Bryology (from Greek , a moss, a liverwort) is the branch of botany concerned with the scientific study of bryophytes (mosses, liverworts, and hornworts).  Bryologists are people who have an active interest in observing, recording, classifying or researching bryophytes. The field is often studied along with lichenology due to the similar appearance and ecological niche of the two organisms, even though bryophytes and lichens are not classified in the same kingdom.

History
Bryophytes were first studied in detail in the 18th century.
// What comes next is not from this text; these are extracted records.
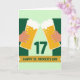 Designed with two stylized hands in warm, muted tones, the card shows them lifting tall mugs of golden ale toward each other in a close toast that feels like an easy moment between friends. Each mug is filled with pale gold beer, dotted with small bubbles, and topped with thick white foam, with a few extra fizz marks floating near the rims. In the middle, a dark green “17” sits prominently between the glasses, drawing your eye to the center as the mugs angle inward. A wide golden banner stretches across the lower area, carrying the words “HAPPY ST. PATRICK’S DAY” in deep green letters. Behind everything, the background shifts between light mint green and a deeper forest green, creating simple contrast without extra clutter. The tight spacing of the clinking mugs adds a hint of warmth and closeness, like a shared laugh over a first sip ☘️. Small green accents and the rich gold tones keep the scene festive, with a little extra luck in the air 💚. The foam crowns are bright white against the greens, and the banner’s gold sits neatly along the bottom edge beneath the centered “17.”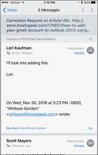 Когда вы нажимаете на любое электронное письмо в беседе, оно открывается, но вы также можете прокручивать вверх и вниз, чтобы получить доступ к другим электронным письмам в беседе.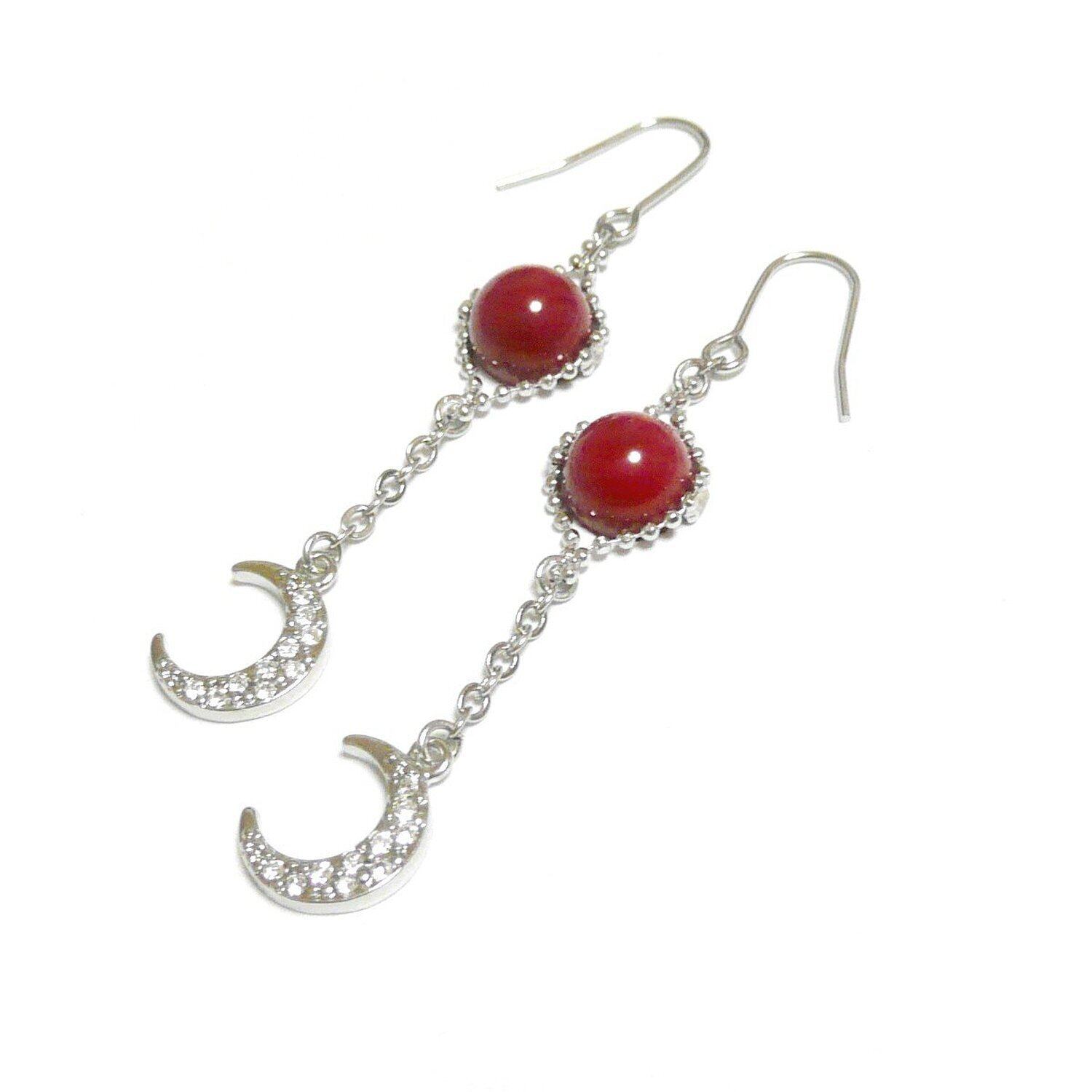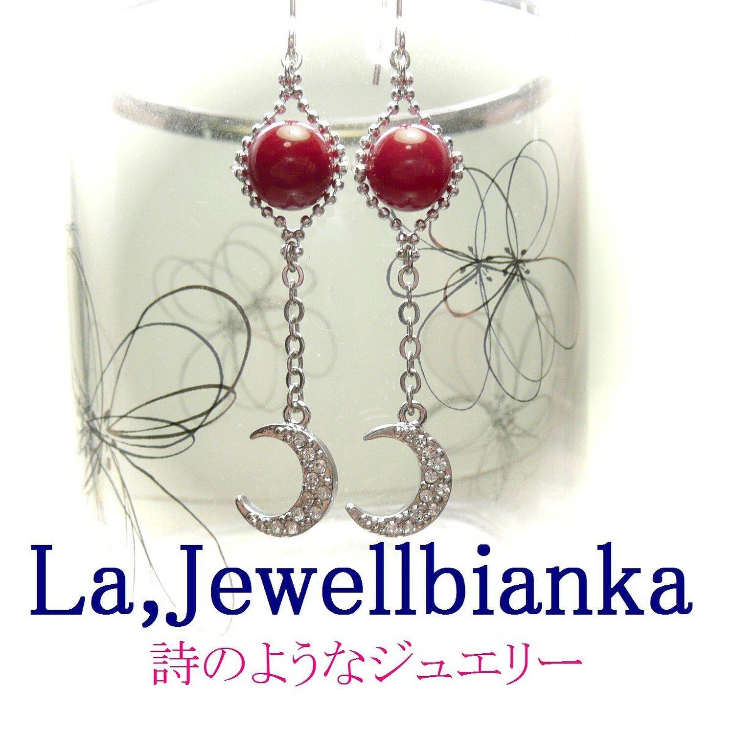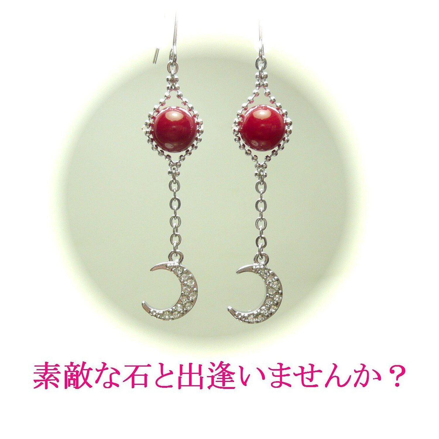 「 赤珊瑚 三日月 イヤリング 」と検索なさりご覧下さい。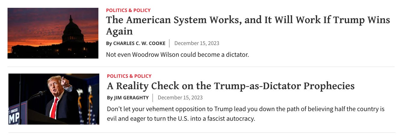 I rise in agreement with my National Review colleagues Jim Geraghty and Charles C.W. Cooke (and several others) that this whole “Trump will be a dictator” thing you may have been hearing lately is absurdly overblown.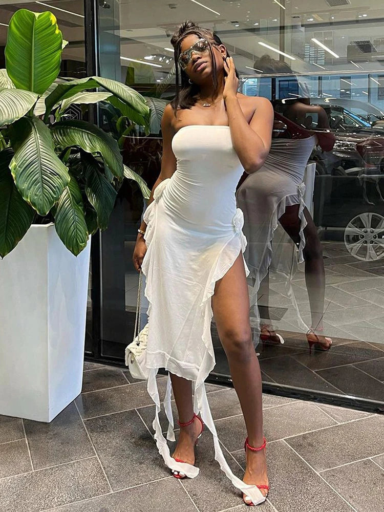 섹시 드레스 여성 여름 새로운 아플리케 바디콘 오프 숄더 스트랩리스 드레스 패션 캐주얼 스플릿 클럽 우아한 파티 드레스 여성

The German botanist Johann Jacob Dillenius (1687–1747) was a professor at Oxford and in 1717 produced the work "Reproduction of the ferns and mosses." The beginning of bryology really belongs to the work of Johannes Hedwig, who clarified the reproductive system of mosses (1792, Fundamentum historiae naturalist muscorum) and arranged a taxonomy.

Research 
Areas of research include bryophyte taxonomy, bryophytes as bioindicators, DNA sequencing, and the interdependency of bryophytes and other plant and animal species. Among other things, scientists have discovered parasitic bryophytes such as Cryptothallus and potentially carnivorous liverworts such as Colura zoophaga and Pleurozia.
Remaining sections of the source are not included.